Limitations of This Study
The effect of dental anomalies on craniofacial morphology and DAR of individuals with UCLP was not taken into account in this study. It is known that the development of OFCs and dental agenesis has a genetic association. 72 Moreover, if those with UCLP have two or more congenitally missing maxillary teeth, they will have a significantly smaller ANB angle compared to noncleft individuals. 73 The prevalence data for UCLP missing incisors is known and indicates 10% of the sample might have been affected. 74
The wide range of ages of the individuals in this study could contribute to the heterogeneity of growth characteristics observed. Differences in accessing CLP services, and therefore later presentation, are seen in deprived communities with limited access to care and transport.
This study did not include any information about the primary surgery techniques, timing of surgery, surgeons’ caseloads and skills and other associated factors related to the treatment of individuals born with UCLP.
Conclusions
The results of this study provide evidence that the Goslon Yardstick is a valid and reliable indicator of sagittal jaw discrepancy.
The subjects UCLP in this study had a skeletal Class III relationship with no gender differences between the cephalometric parameters. The mean Goslon score for the sample was 2.89, which compares favorably to Goslon scores of DAR in some intercenter studies internationally. There were no statistically significant differences between males and females, or between right- and left-sided clefts for the Goslon scores.

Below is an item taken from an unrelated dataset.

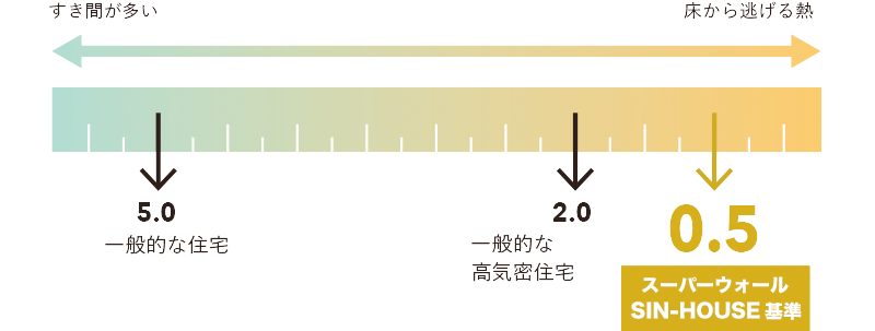 スーパーウォールは壁・床・天井が一体化した箱形を構成するモノコック構造のため、すき間が非常に少ないのが特徴です。SIN-HOUSEで施工したスーパーウォール住宅の、外部期間の検査による平均C値は現在「0.35」となっています。

These outcome measures are clinically relevant and will be used to constantly monitor services providing care for children born with CLP. They will be useful for intercenter studies within South Africa and in neighboring countries.
Footnotes
Acknowledgments
The authors thank Professor Angela Harris, Emeritus Professor, Department of Orthodontics, Faculty of Dentistry, University of the Western Cape, for assisting with data collection and guidance with writing of the manuscript.
Ethical Approval
This study was approved by the Biomedical Research Ethics Committee (BMREC) of the University of the Western Cape (approval number BM23/10/4) on 12/15/2023.
Funding
The authors received no financial support for the research, authorship, and/or publication of this article.
Declaration of Conflicting Interests
The authors declared no potential conflicts of interest with respect to the research, authorship, and/or publication of this article.
Data Availability
The datasets generated during and/or analyzed during the current study have been submitted for uploading on the University of the Western Cape Electronic Thesis and Dissertations Repository.